Tuesday, January 18, 2011

Jonah Hex

Directed by Jimmy Hayward.
2010. Rated PG-13, 82 minutes.
Josh Brolin
Megan Fox
John Malkovich
Will Arnett
Michael Fassbender
John Gallagher Jr.
Tom Wopat
Michael Shannon

The possibility of time travel is still one of the great unknowns. Most of us would love to be like Marty McFly, traversing human history at will. As of right now, we can’t. Mentally, I often take trips to and fro throughout our existence, entertaining the possibilities or cherishing the memories. One of my favorite memories is spending much of my allowance on comic books. Spider-Man and The Uncanny X-Men were my favorites. For years, not a month went by when I didn’t grab the latest edition of each. This included all three of the Spidey periodicals that were going at the time. It’s a good thing they were only sixty cents a pop, back then. I grabbed many other titles, as well. Though I had seen it on the racks plenty of times, none of them were ever “Jonah Hex.” I don’t recall any of my friends buying it, either. I certainly never read a single issue. Perhaps, that was a subtle warning or foreshadowing of how I should’ve treated this movie.

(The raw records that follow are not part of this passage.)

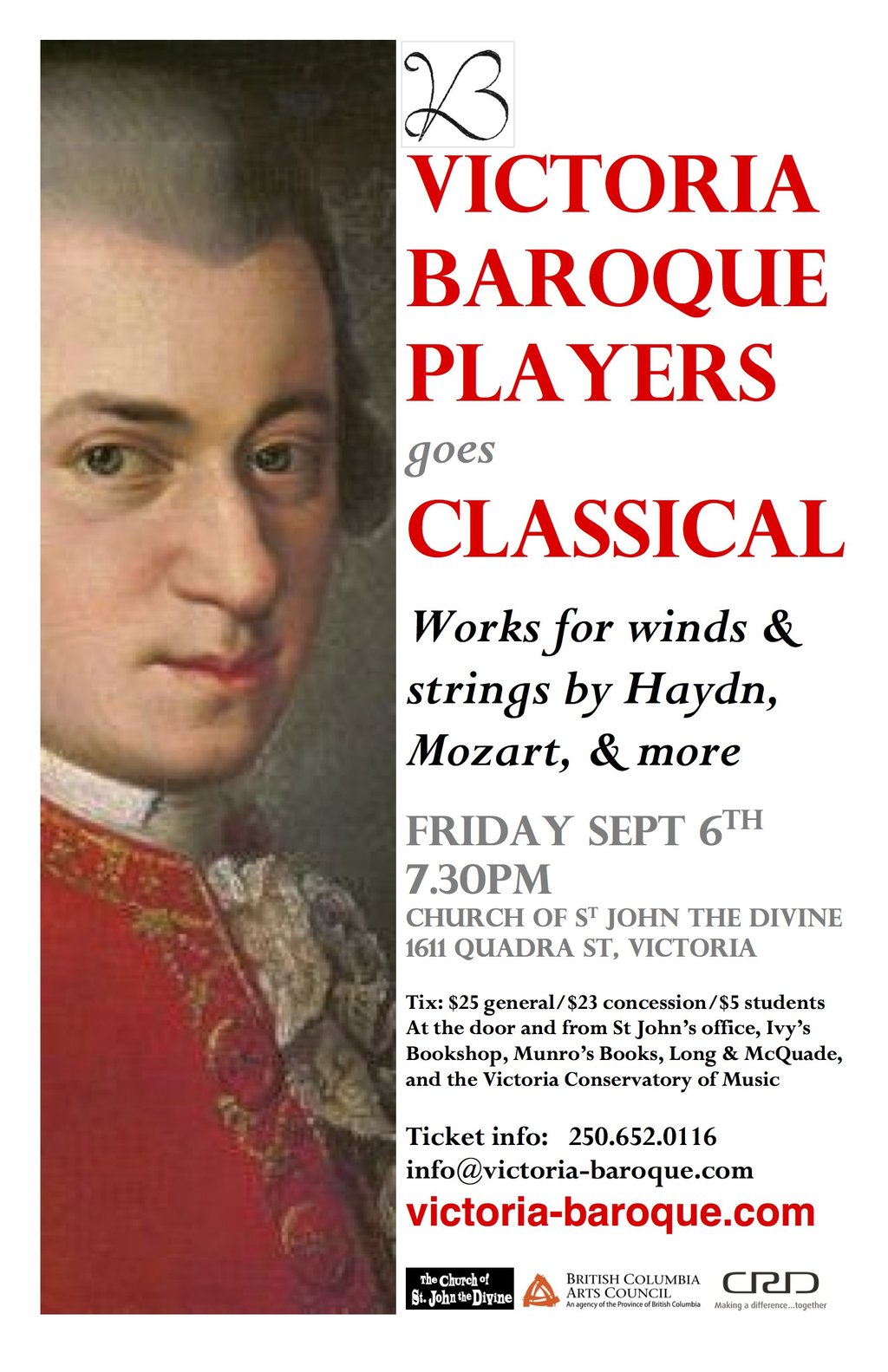Known for its spirited high-quality performances, the Victoria Baroque Players continues to bring its audiences new musical delights and discoveries. The first concert of their third season combines chamber works for winds and strings by Mozart and Haydn, as well as gems from lesser-known masters, culminating in an 18th-century transcription of Haydn's joyous Symphony No. 97. Played on copies of the 18th-century instruments.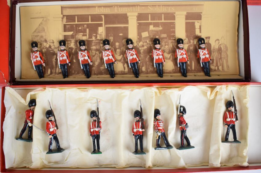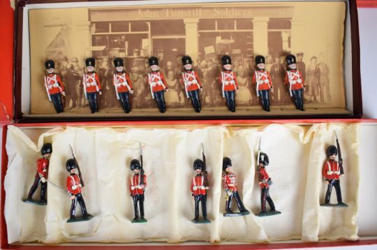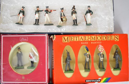 Eleven Britains and similar 1:32 scale metal soldier sets to include Royal Marine Colour Party 7201, Scots Guard Pipers 7241 and Mounted Lifeguards 7205, in original boxes.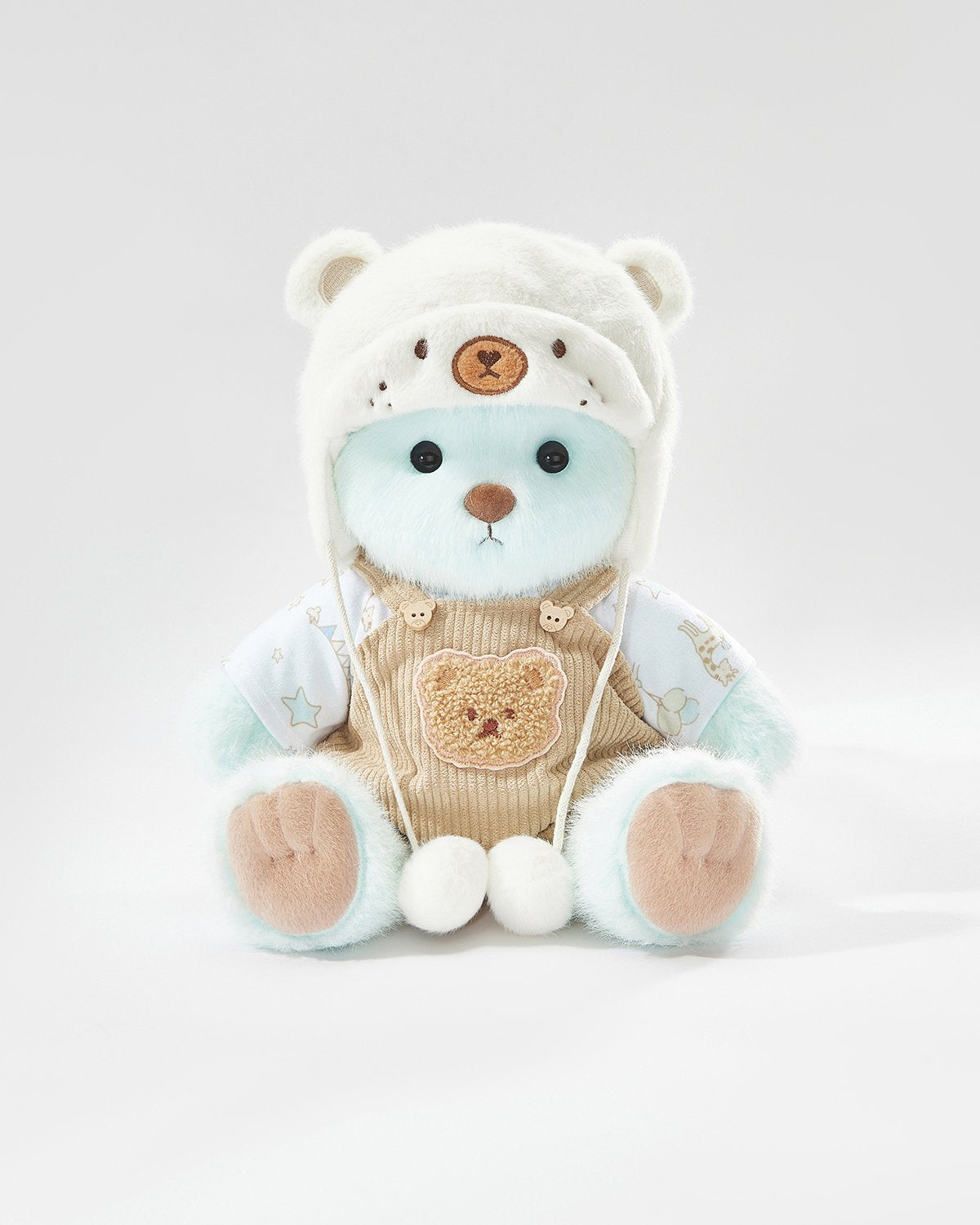 Outfit your bear in this soft white fleece set, including a hat, tee, and cute bear overalls. Imagine your bear embarking on snowy adventures, making snow angels and sipping hot cocoa!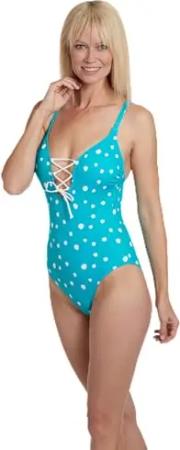 Badeanzug Unifarben Tupfenmuster Punkte Einteiler mit Softschalen Schnürung breite verstellbare Träger tiefer Rücken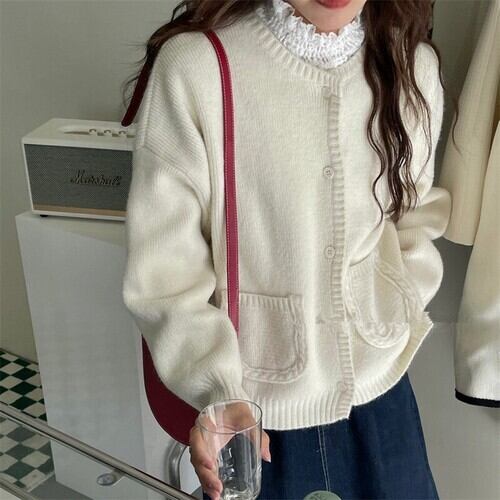 ks-142可愛いニット アウター長袖 ボタン ラウンドネック ニットカーディガン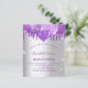 Un arrière-plan élégant de couleur argentée. Décoré de paillettes et de ballons violets. Personnalisez et ajoutez un nom et les détails de la fête. Le nom est écrit avec une police de caractères manuscrite

Anyone who knows me, knows it’s a safe bet that I’ll give a comic book movie a shot. Therefore, even as negative feedback mounted to unbelievable heights, I never really entertained the notion of not seeing it. So there I was, all alone with a comic book flick that I really had no frame of reference for. That didn’t bother me. I just wanted a fun movie.

Very quickly, we find out Jonah (Brolin) is an ex-Confederate soldier and is at odds with his former, and still corrupt commander Quentin Turnbull (Malkovich). For the slow among us, this makes it a comic-book western set in the 1870s. Anyhoo, for some reason or another Jonah has not only turned on Turnbull, but killed his son Jeb. None too pleased about this, Turnbull returns the favor by having Jonah tied to a cross and killing his family right in front of him.. Still not satisfied, QT then literally brands his initials on our hero’s face. Jonah trying to get revenge ensues.

Oh, I forgot something. Since this is a comic book movie, our hero has a superpower. You see, Jonah nearly died on the cross QT strapped him to. When he came back from “the other side”, he emerged with the ability to talk to the dead. They’re like his personal GPS because each dead person can track the movements of the people they knew when they were alive. It’s not the most appealing ability to have, but it is what it is. No wonder I never read this comic. Almost forgot something else: Turnbull has bigger things than Jonah on his mind. He’s trying to build some ultimate weapon so he can overthrow the hated Union government and get rid of all us damn Yankees. What is it? What does it do? How does it work? I saw the thing and I’m not sure I can tell you a whole lot. Okay, maybe I gave up caring by then. The gist of it is, it shoots giant glowing canon balls and blows stuff up real good.

Sound silly? That’s okay, silliness can be well executed. Sadly, not in this case. Our hero occasionally kills people because he feels like it, is in love with a prostitute and doesn’t have the most pleasant personality. The prostitute, by the way, is named Lilah and is played by Megan Fox. She works so hard at her southern accent she neglects to ever change her facial expression. Even a face as beautiful as hers is boring if it never does anything. John Malkovich could’ve saved this thing by giving us a dynamic villain, but he’s far too restrained. As Jonah Hex, Brolin does what’s asked of him and grunts his way through the movie.

The whole thing reminds me of another movie set in the 19th century in which the bad guy creates a superweapon he wants to use to take down the US government: Wild Wild West. Yeah, I went there. The only real difference is tone. The Will Smith vehicle went for screwball comedy/buddy flick/action movie. This uses the gal as both lover and buddy, keeps the action and is goofy but not funny, at least not intentionally. In fact, it has no funny bone to speak of, trading in the former’s jovial demeanor for surliness.

Once again, I’m thrust back in time to the hours I spent gazing at the racks and racks of comics deciding what to spend my hard earned allowance on. A smile comes over my face as I see myself accidentally knock an issue of “Jonah Hex” onto the floor and step on it in an effort to reach the latest issue of “Batman”.